→ **Exercise**
Restate the listing below word for word, omitting any images.

→ **Supplied material**
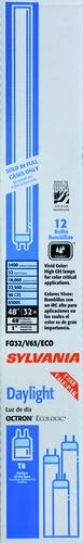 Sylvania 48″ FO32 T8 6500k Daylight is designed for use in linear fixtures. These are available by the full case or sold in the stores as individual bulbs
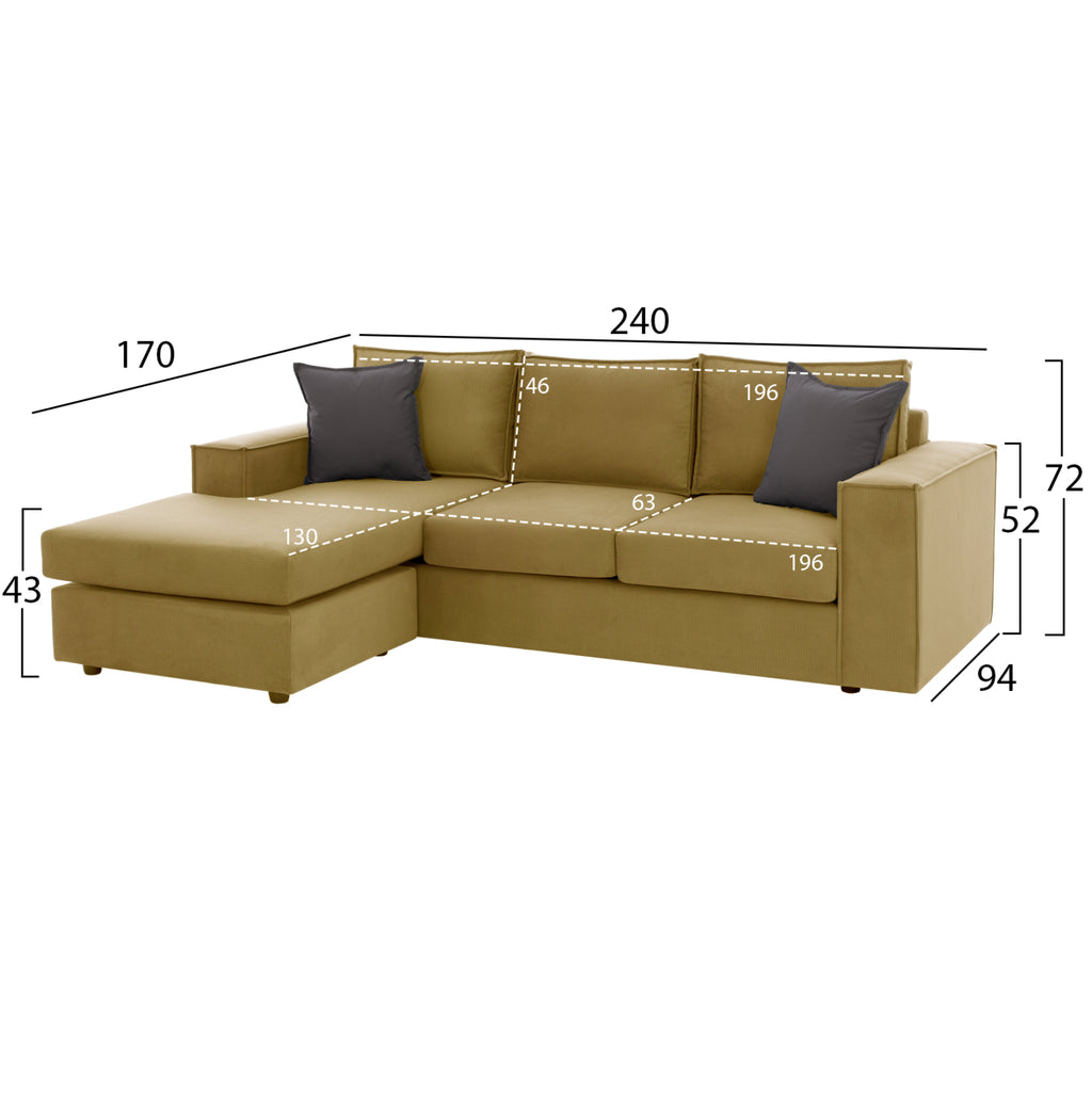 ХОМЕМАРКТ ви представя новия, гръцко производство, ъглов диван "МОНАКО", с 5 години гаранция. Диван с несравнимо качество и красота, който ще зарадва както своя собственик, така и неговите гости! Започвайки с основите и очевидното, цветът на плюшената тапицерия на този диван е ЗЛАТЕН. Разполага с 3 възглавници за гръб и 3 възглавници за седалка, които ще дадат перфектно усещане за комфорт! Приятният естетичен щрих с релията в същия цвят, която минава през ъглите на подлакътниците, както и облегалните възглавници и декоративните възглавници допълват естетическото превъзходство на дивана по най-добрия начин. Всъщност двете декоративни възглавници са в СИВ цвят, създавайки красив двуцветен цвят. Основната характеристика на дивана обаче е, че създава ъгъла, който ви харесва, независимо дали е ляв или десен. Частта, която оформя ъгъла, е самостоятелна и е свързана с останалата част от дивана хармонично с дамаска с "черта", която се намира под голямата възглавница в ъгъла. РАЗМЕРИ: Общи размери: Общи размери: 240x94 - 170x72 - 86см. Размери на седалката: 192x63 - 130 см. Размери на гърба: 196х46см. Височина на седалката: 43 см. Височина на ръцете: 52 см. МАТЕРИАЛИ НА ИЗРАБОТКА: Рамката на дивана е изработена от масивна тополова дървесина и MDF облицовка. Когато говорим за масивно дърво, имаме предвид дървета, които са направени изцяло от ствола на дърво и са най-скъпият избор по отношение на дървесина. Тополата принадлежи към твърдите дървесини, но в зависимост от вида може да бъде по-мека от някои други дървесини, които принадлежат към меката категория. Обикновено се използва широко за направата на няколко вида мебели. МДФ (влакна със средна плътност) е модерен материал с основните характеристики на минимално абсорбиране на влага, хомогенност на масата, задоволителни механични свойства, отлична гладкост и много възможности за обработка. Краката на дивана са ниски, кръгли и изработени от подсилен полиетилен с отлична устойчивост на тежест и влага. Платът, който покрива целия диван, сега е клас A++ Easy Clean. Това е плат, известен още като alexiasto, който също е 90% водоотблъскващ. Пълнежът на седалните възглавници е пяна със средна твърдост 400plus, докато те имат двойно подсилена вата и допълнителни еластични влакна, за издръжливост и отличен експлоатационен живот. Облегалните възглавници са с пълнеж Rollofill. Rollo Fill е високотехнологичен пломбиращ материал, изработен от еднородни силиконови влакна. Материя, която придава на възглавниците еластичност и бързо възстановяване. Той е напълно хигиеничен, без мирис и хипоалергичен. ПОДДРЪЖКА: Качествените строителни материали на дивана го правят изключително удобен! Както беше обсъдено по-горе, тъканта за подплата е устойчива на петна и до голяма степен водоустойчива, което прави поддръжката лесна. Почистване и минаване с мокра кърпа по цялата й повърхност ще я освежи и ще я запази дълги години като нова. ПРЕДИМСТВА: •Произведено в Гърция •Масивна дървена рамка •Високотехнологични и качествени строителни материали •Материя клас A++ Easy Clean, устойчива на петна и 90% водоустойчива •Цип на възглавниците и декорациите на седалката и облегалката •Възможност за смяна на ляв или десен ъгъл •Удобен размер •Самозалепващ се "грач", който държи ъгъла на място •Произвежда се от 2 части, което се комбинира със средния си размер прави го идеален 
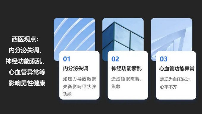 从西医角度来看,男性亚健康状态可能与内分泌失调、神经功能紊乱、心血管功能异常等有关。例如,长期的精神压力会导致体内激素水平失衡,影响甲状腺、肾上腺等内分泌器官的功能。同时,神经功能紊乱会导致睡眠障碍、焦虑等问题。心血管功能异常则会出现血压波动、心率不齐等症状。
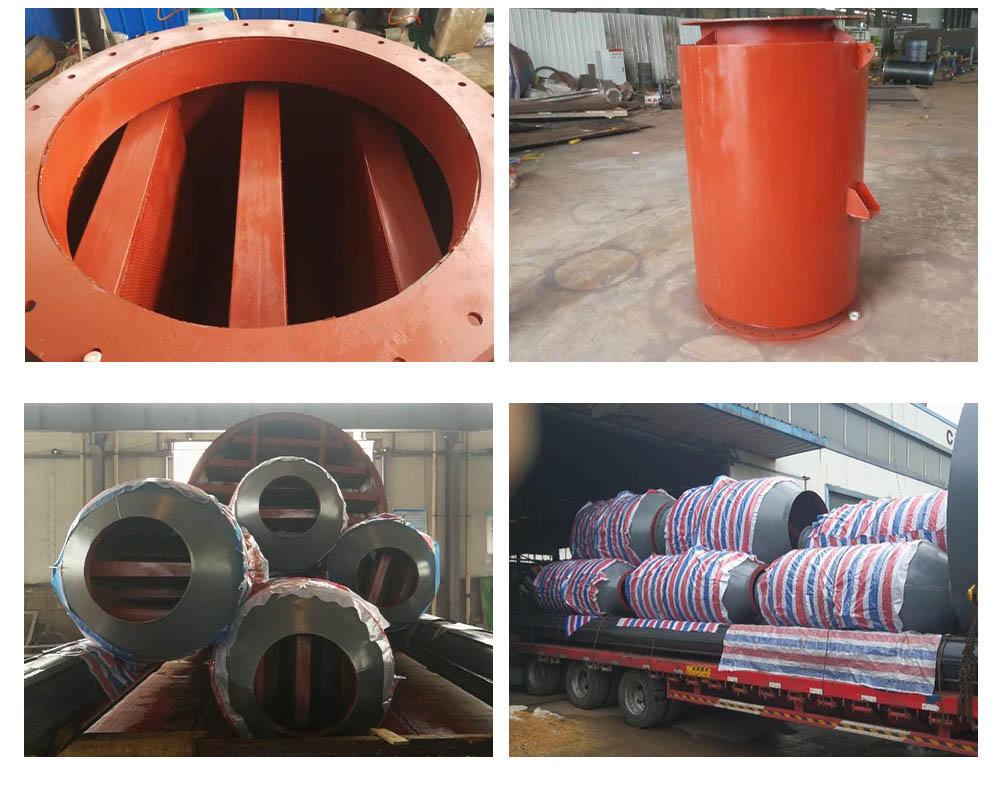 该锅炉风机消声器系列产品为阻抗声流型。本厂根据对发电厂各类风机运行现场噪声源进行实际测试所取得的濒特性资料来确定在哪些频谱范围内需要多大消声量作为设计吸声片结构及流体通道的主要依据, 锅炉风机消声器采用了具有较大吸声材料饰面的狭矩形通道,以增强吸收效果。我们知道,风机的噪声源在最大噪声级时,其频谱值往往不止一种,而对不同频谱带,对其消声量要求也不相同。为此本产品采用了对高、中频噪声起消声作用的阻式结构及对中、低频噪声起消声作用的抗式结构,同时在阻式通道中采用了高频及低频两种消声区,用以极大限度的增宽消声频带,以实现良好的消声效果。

→ **Task solution**
 Sylvania 48″ FO32 T8 6500k Daylight is designed for use in linear fixtures. These are available by the full case or sold in the stores as individual bulbs
 ХОМЕМАРКТ ви представя новия, гръцко производство, ъглов диван "МОНАКО", с 5 години гаранция. Диван с несравнимо качество и красота, който ще зарадва както своя собственик, така и неговите гости! Започвайки с основите и очевидното, цветът на плюшената тапицерия на този диван е ЗЛАТЕН. Разполага с 3 възглавници за гръб и 3 възглавници за седалка, които ще дадат перфектно усещане за комфорт! Приятният естетичен щрих с релията в същия цвят, която минава през ъглите на подлакътниците, както и облегалните възглавници и декоративните възглавници допълват естетическото превъзходство на дивана по най-добрия начин. Всъщност двете декоративни възглавници са в СИВ цвят, създавайки красив двуцветен цвят. Основната характеристика на дивана обаче е, че създава ъгъла, който ви харесва, независимо дали е ляв или десен. Частта, която оформя ъгъла, е самостоятелна и е свързана с останалата част от дивана хармонично с дамаска с "черта", която се намира под голямата възглавница в ъгъла. РАЗМЕРИ: Общи размери: Общи размери: 240x94 - 170x72 - 86см. Размери на седалката: 192x63 - 130 см. Размери на гърба: 196х46см. Височина на седалката: 43 см. Височина на ръцете: 52 см. МАТЕРИАЛИ НА ИЗРАБОТКА: Рамката на дивана е изработена от масивна тополова дървесина и MDF облицовка. Когато говорим за масивно дърво, имаме предвид дървета, които са направени изцяло от ствола на дърво и са най-скъпият избор по отношение на дървесина. Тополата принадлежи към твърдите дървесини, но в зависимост от вида може да бъде по-мека от някои други дървесини, които принадлежат към меката категория. Обикновено се използва широко за направата на няколко вида мебели. МДФ (влакна със средна плътност) е модерен материал с основните характеристики на минимално абсорбиране на влага, хомогенност на масата, задоволителни механични свойства, отлична гладкост и много възможности за обработка. Краката на дивана са ниски, кръгли и изработени от подсилен полиетилен с отлична устойчивост на тежест и влага. Платът, който покрива целия диван, сега е клас A++ Easy Clean. Това е плат, известен още като alexiasto, който също е 90% водоотблъскващ. Пълнежът на седалните възглавници е пяна със средна твърдост 400plus, докато те имат двойно подсилена вата и допълнителни еластични влакна, за издръжливост и отличен експлоатационен живот. Облегалните възглавници са с пълнеж Rollofill. Rollo Fill е високотехнологичен пломбиращ материал, изработен от еднородни силиконови влакна. Материя, която придава на възглавниците еластичност и бързо възстановяване. Той е напълно хигиеничен, без мирис и хипоалергичен. ПОДДРЪЖКА: Качествените строителни материали на дивана го правят изключително удобен! Както беше обсъдено по-горе, тъканта за подплата е устойчива на петна и до голяма степен водоустойчива, което прави поддръжката лесна. Почистване и минаване с мокра кърпа по цялата й повърхност ще я освежи и ще я запази дълги години като нова. ПРЕДИМСТВА: •Произведено в Гърция •Масивна дървена рамка •Високотехнологични и качествени строителни материали •Материя клас A++ Easy Clean, устойчива на петна и 90% водоустойчива •Цип на възглавниците и декорациите на седалката и облегалката •Възможност за смяна на ляв или десен ъгъл •Удобен размер •Самозалепващ се "грач", който държи ъгъла на място •Произвежда се от 2 части, което се комбинира със средния си размер прави го идеален 
 从西医角度来看,男性亚健康状态可能与内分泌失调、神经功能紊乱、心血管功能异常等有关。例如,长期的精神压力会导致体内激素水平失衡,影响甲状腺、肾上腺等内分泌器官的功能。同时,神经功能紊乱会导致睡眠障碍、焦虑等问题。心血管功能异常则会出现血压波动、心率不齐等症状。
 该锅炉风机消声器系列产品为阻抗声流型。本厂根据对发电厂各类风机运行现场噪声源进行实际测试所取得的濒特性资料来确定在哪些频谱范围内需要多大消声量作为设计吸声片结构及流体通道的主要依据, 锅炉风机消声器采用了具有较大吸声材料饰面的狭矩形通道,以增强吸收效果。我们知道,风机的噪声源在最大噪声级时,其频谱值往往不止一种,而对不同频谱带,对其消声量要求也不相同。为此本产品采用了对高、中频噪声起消声作用的阻式结构及对中、低频噪声起消声作用的抗式结构,同时在阻式通道中采用了高频及低频两种消声区,用以极大限度的增宽消声频带,以实现良好的消声效果。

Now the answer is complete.